Author: Chip Daniels, CoinDesk; Compiler: Baishui, Golden Finance
President Trump's proposal for the federal government to hold cryptocurrencies has been met with pushback from some media and politicians, with dire warnings about the impact on the dollar. But the reality of Trump's proposal is very different from what Trump's hysterical critics portray. BTC poses no threat to the dollar, and the U.S. government's holding of BTC or any other digital currency is not an endorsement.
According to the International Monetary Fund, as of December 2024, the U.S. dollar remains the world's dominant currency, accounting for nearly 60% of all currencies held by central banks. Unlike fiat currencies, Bitcoin and other cryptocurrencies are not regulated by any central bank. Therefore, Bitcoin issuers can never have an adversarial relationship with Bitcoin issuers.
Most of the foreign exchange reserves held by the United States are in euros and yuan. But no one is asking the United States to stop holding euros. That's because holding a currency as a reserve does not represent an endorsement of that currency. Countries hold foreign exchange reserves primarily for liquidity purposes - primarily to facilitate foreign trade with counterparties that use another currency. And, since BTC and ETH are the largest cryptocurrencies, with the most liquidity and the largest volume traded in USD, it makes sense for the US to hold these cryptocurrencies. On top of that, the USD is far larger than BTC. The USD is worth over 1,150 times more than BTC at $2.3 trillion, while BTC is around $2 billion. As of early 2024, BTC is only the 16th largest foreign currency in the world in terms of USD. So if the US held 50,000 BTC, it would represent less than 5% of its foreign exchange reserve holdings. Additionally, the US has large reserves of gold and silver, but neither of these currencies is currently used by any major country. It seems unlikely that these reserves held by the U.S. would be seen as an endorsement of gold as money, even though part of the reason the U.S. holds gold is that it is a great store of value.

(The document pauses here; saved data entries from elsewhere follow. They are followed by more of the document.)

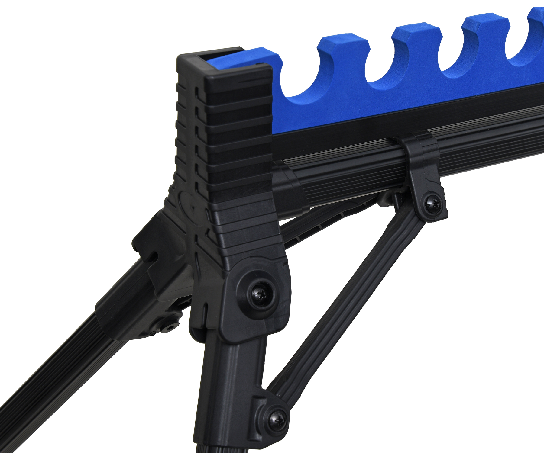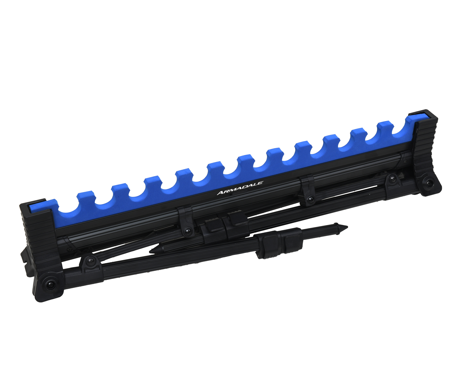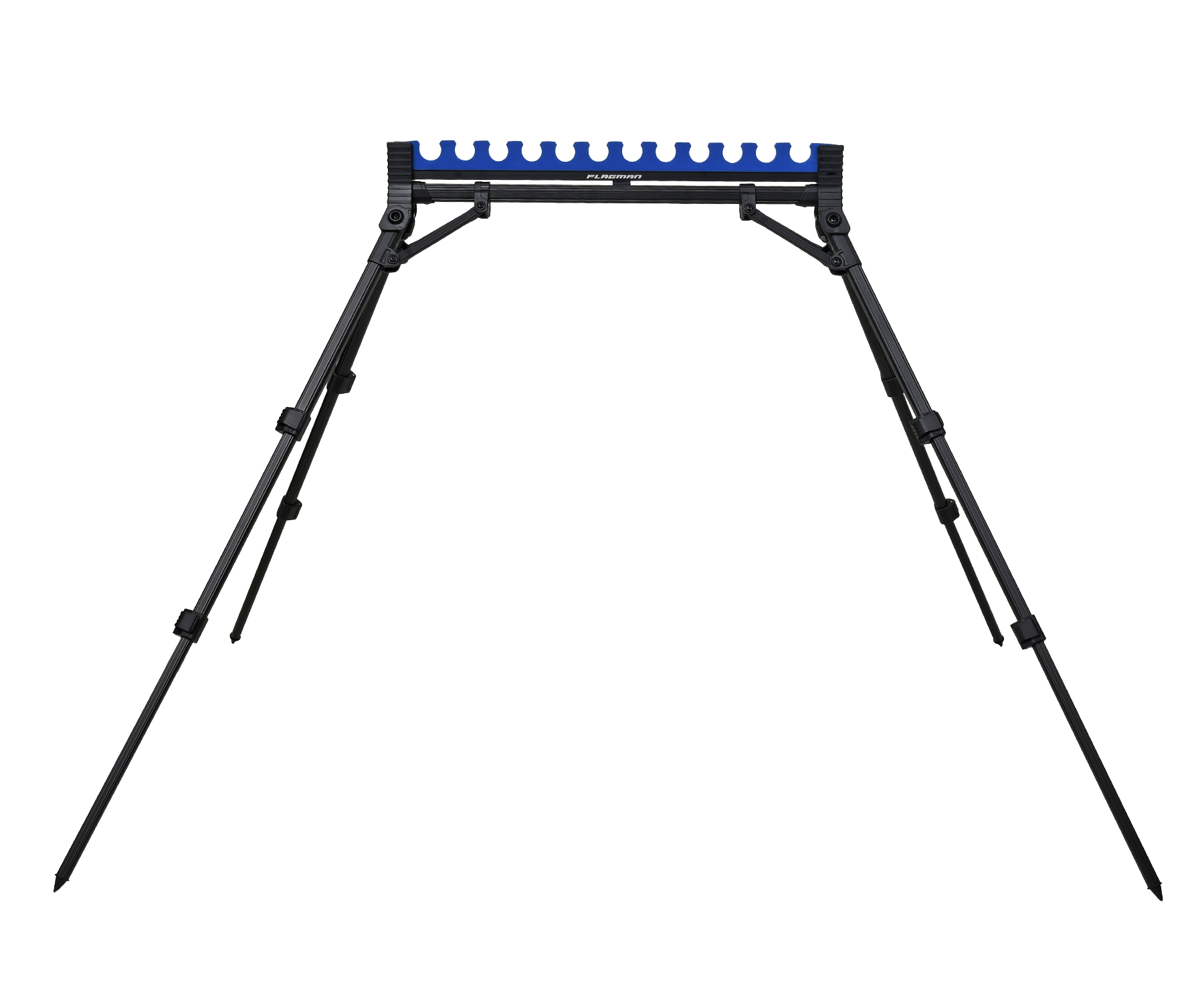Подставка Flagman для запасных удилищ или китов штекера на 4 телескопических ножках. Оснащена мягкой гребенкой с 12 выемками для удилищ. Обладает высокой прочностью и имеет складную конструкцию, обеспечивающую быстрый монтаж и демонтаж. Имеет исключительно устойчивость – телескопическая конструкция ног позволяет менять высоту и приспосабливаться к неровному рельефу. Предусмотрен крючок для подвешивания груза при ловле во время сильного ветра. Мягкая вставка из EVA защищает бланки удилищ от повреждения. Гребенка быстро собирается и разбирается, отличается компактностью при транспортировке. Поставляется в чехле из плотной ткани.
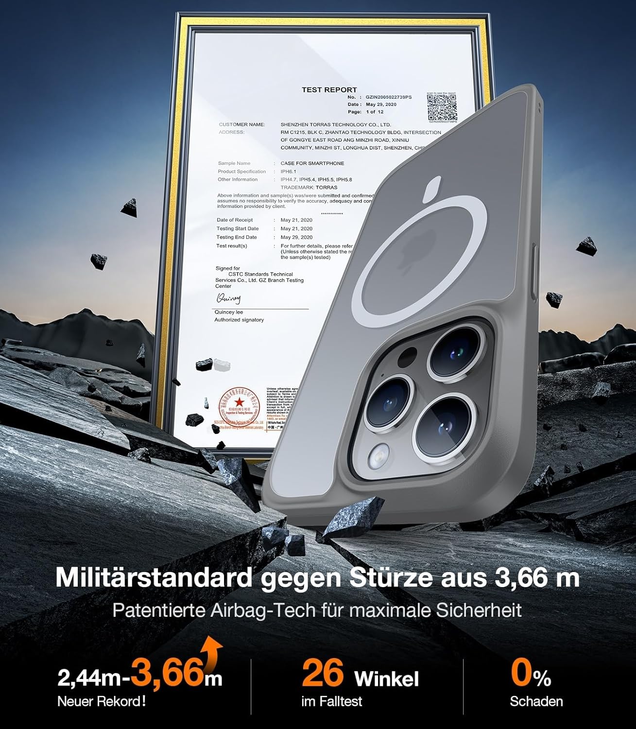 • Максимална защита за iPhone 17 Pro: Този калъф за iPhone 17 Pro комбинира взривоустойчиви композитни материали от термопластичен полиуретан (TPU) + термопластичен еластомер (TPE) с патентованата технология MilShock в четирите ъгъла. Лабораторно тестван, той е устойчив на падания от височина 4 м и е издържал лесно на над 5000 теста за падане. Заедно с повдигнатата 2,5 мм защита на камерата и 1,8 мм високия ръб на дисплея, той образува 360° защитна система, която надеждно защитава вашия iPhone 17 Pro от ежедневни падания и екстремни натоварвания.
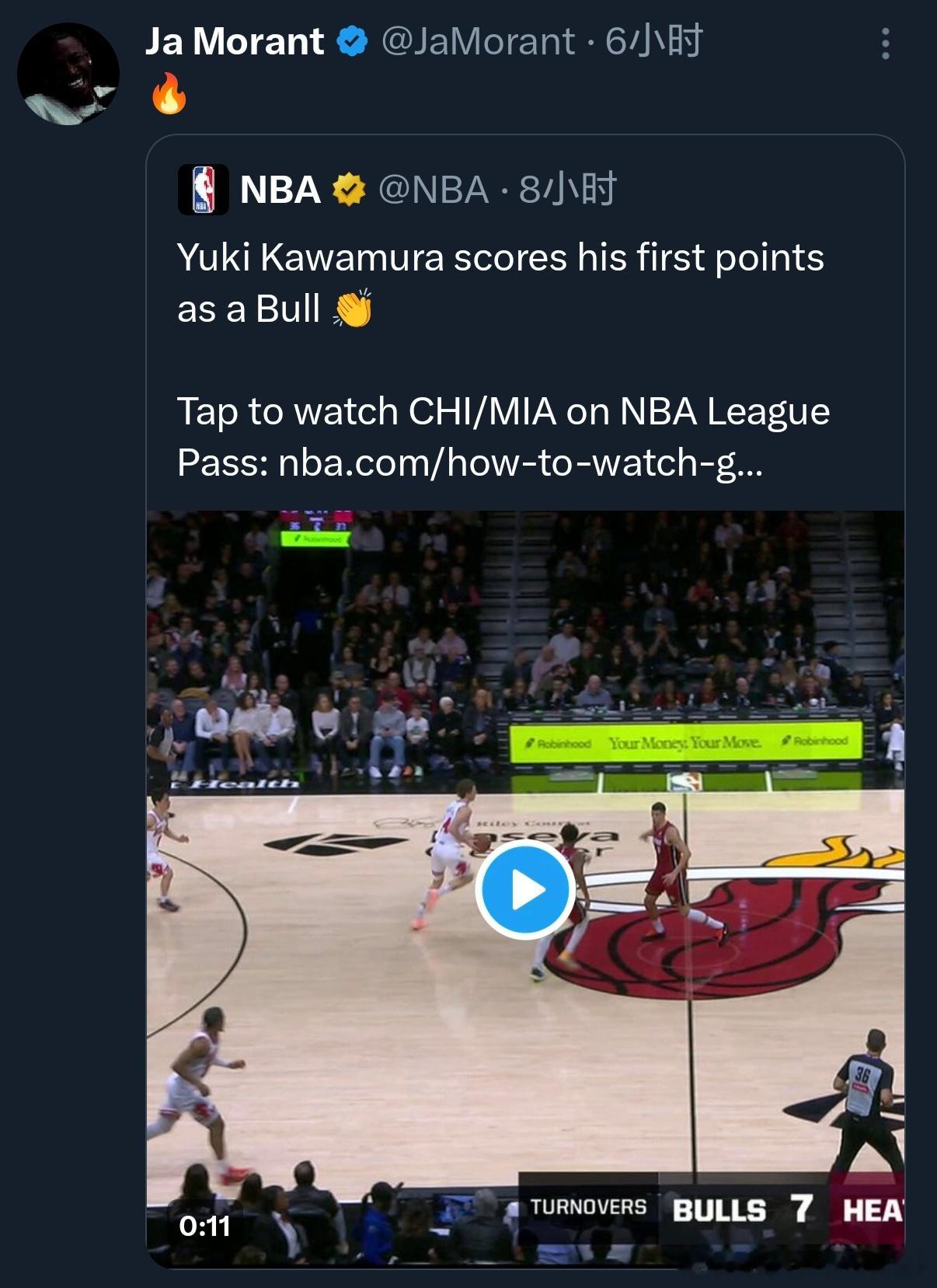 莫兰特转发支持河村勇辉公牛生涯首分:🔥莫兰特nba
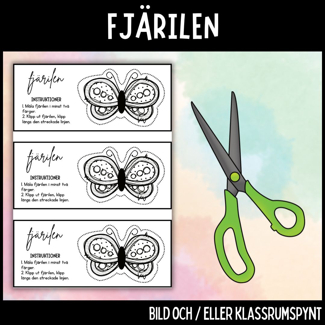 Pynta klassrummet dessa fjärilar. Använd materialet för att öva elevernas förmåga att följa instruktioner men också som en rolig aktivitet där färgläggning och dekoration av det gemensamma klassrummet står i fokus. Låt eleverna färglägga var sin fjäril innan skolavslutningen och ge som present på skolavslutningen eller använd materialet under uppstartsdagarna.
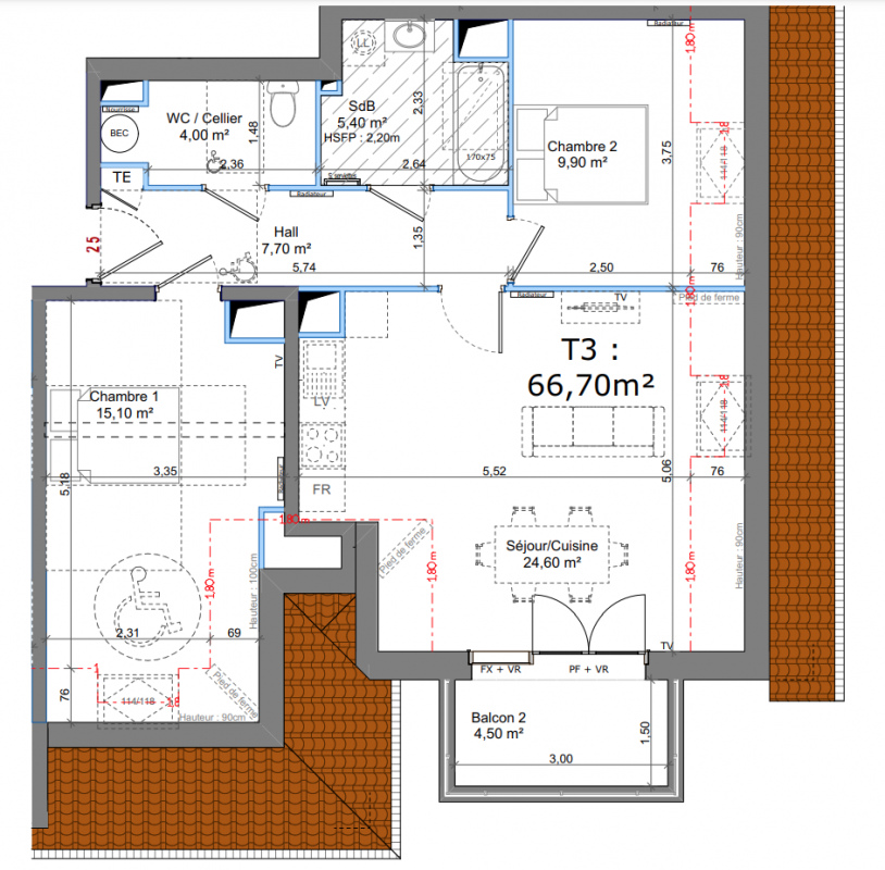409 000€ Appt. T3 78.3m2 0-RDC

Critics of cryptocurrencies argue that they have no intrinsic value — but that’s like saying a Picasso has no intrinsic value other than that of dried paint and an old canvas. A Picasso has social value and scarcity value — the same sources of value as BTC. Bitcoin’s social value stems from its purpose of functioning outside of government control. Its scarcity value supports BTC’s price and increases its utility as a store of value.
There is another reason for the U.S. to hold virtual currencies. They represent a major leap forward in financial technology, and it is in the U.S.’s primary interest to be at the forefront of fintech. This is not only about making the U.S. the most efficient financial actor, but also about being best prepared for the changes that may come in the future. It turns out that blockchain technology has many uses beyond cryptocurrencies, including reducing transaction costs, which benefits all consumers.
So not only is Trump's proposal based on solid economic foundations and consistent with holding other foreign currencies, but it also promotes the development of the fintech industry. It's smart and far-sighted. Sounds like a win-win for the United States.